___ Extracted information ___
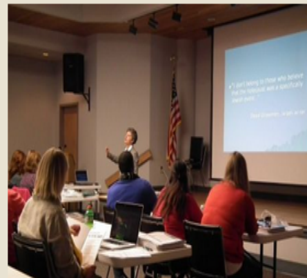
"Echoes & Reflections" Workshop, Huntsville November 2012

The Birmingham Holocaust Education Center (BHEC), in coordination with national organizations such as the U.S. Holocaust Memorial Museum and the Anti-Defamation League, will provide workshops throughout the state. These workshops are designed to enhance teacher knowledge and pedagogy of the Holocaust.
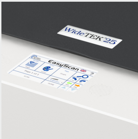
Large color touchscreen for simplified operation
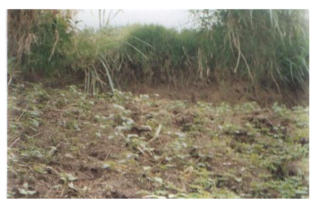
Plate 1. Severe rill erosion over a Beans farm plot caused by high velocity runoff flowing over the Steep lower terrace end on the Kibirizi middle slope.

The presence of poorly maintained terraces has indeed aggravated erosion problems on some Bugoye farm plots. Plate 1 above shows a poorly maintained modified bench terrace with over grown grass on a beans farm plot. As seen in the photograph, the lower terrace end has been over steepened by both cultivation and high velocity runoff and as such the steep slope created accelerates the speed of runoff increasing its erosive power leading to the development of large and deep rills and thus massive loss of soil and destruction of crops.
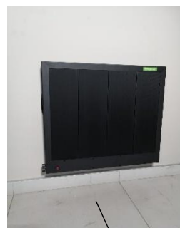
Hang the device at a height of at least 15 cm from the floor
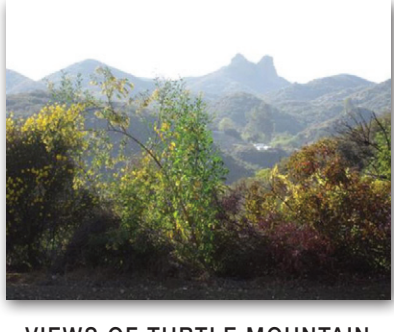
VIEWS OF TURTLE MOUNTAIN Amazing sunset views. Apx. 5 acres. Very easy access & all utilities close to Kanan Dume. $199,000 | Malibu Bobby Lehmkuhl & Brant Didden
___
> [Work required] Using the listing above, restate exactly the range between the lines holding "Large color touchscreen" and "Plate 1. Severe", inclusive, with pictures left out.

> [Output below]
Large color touchscreen for simplified operation
Plate 1. Severe rill erosion over a Beans farm plot caused by high velocity runoff flowing over the Steep lower terrace end on the Kibirizi middle slope.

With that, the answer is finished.